Некоторые из стихотворений вызывают ассоциации с произведениями живописи – небольшими натюрмортами или зарисовками интерьера, где в обыкновенных, привычных предметах схвачена особая грация. Здесь выражена и любовь к вещному, осязаемому миру, и признание за ним возможности становиться одухотворенным, почти разумным:

                Медлительнее снежный улей,
                Прозрачнее окна хрусталь,
                И бирюзовая вуаль
                Небрежно брошена на стуле.

                Ткань, опьяненная собой,
                Изнеженная лаской света,
                Она испытывает лето,
                Как бы не тронута зимой;

                И, если в ледяных алмазах
                Струится вечности мороз,
                Здесь – трепетание стрекоз
                Быстроживущих, синеглазых.

Есть здесь и утверждение ценности той преобразующей работы, которую совершает художник, превращая явление жизни в произведение искусства с присущей ему мерой условности и спектром внутрихудожественных ассоциаций. В частности, подчеркивается особый артистизм незавершенности, этюдности, свойственный живописным наброскам; в некоторых стихотворениях есть и отстраненно-оценивающий, почти искусствоведческий взгляд на эстетические свойства предстоящей перед нами картины.

В других стихах в центре внимания поэта находится его внутренняя, душевная и духовная работа, процесс постижения им основополагающих истин мироздания. Иногда это тоже не столько художническая исповедь в ее чистом виде, сколько отстранение, любование словесным изяществом такой исповеди. Но чаще Мандельштам отводит чисто эстетические задачи на второй план и находит точные и пронзительные слова для своих прозрений и мистических состояний.

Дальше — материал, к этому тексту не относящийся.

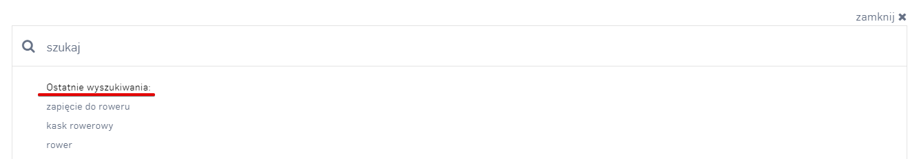 Do wyszukiwarki Smart Cloud Search dodaliśmy funkcję, która wyświetla ostatnio wyszukiwane przez klienta frazy (zapisywane w sesji użytkownika).

Поэту знакомо ощущение себя вне временных пределов своей земной жизни:

                Душу от внешних условий
                Освободить я умею:
                Пенье – кипение крови
                Слышу – и быстро хмелею.

                И вещества, мне родного
                Где-то на грани томленья,
                В цепь сочетаются снова
                Первоначальные звенья.

                Там в беспристрастном эфире
                Взвешены сущности наши –
                Брошены звездные гири
                На задрожавшие чаши;

                И в ликованьи предела
                Есть упоение жизни:
                Воспоминание тела
                О неизменной отчизне.

В то же время ему понятна и непроницаемость грани миров для большинства людей, так же как и невозможность для себя полностью переродиться в пределах этой жизни, приблизиться к ощущаемому идеалу:

                Что расскажу я о вечных,
                Заочных, заоблачных странах:
                Весь я в порывах конечных,
                В соблазнах, изменах и ранах.

                Выбор мой труден и беден.
                И тусклый простор безучастен.
                Стыну – и взор мой победен.
                И круг мой обыденный страстен.

Постепенно круг интересов поэта расширяется. Немалое место занимает живое ощущение непрерывности исторического и культурного потока, в котором у Мандельштама были свои излюбленные, особенно ему созвучные области. Было особое чувство родства России и Европы, ощущение античных корней культуры всего Средиземноморья (это сближало его с Волошиным). Близок был русский 18 век, с его культурой, испытавшей мощное вливание европейских традиций; допушкинская поэзия, обогатившая язык Мандельштама своеобразием архаически-патетических оборотов.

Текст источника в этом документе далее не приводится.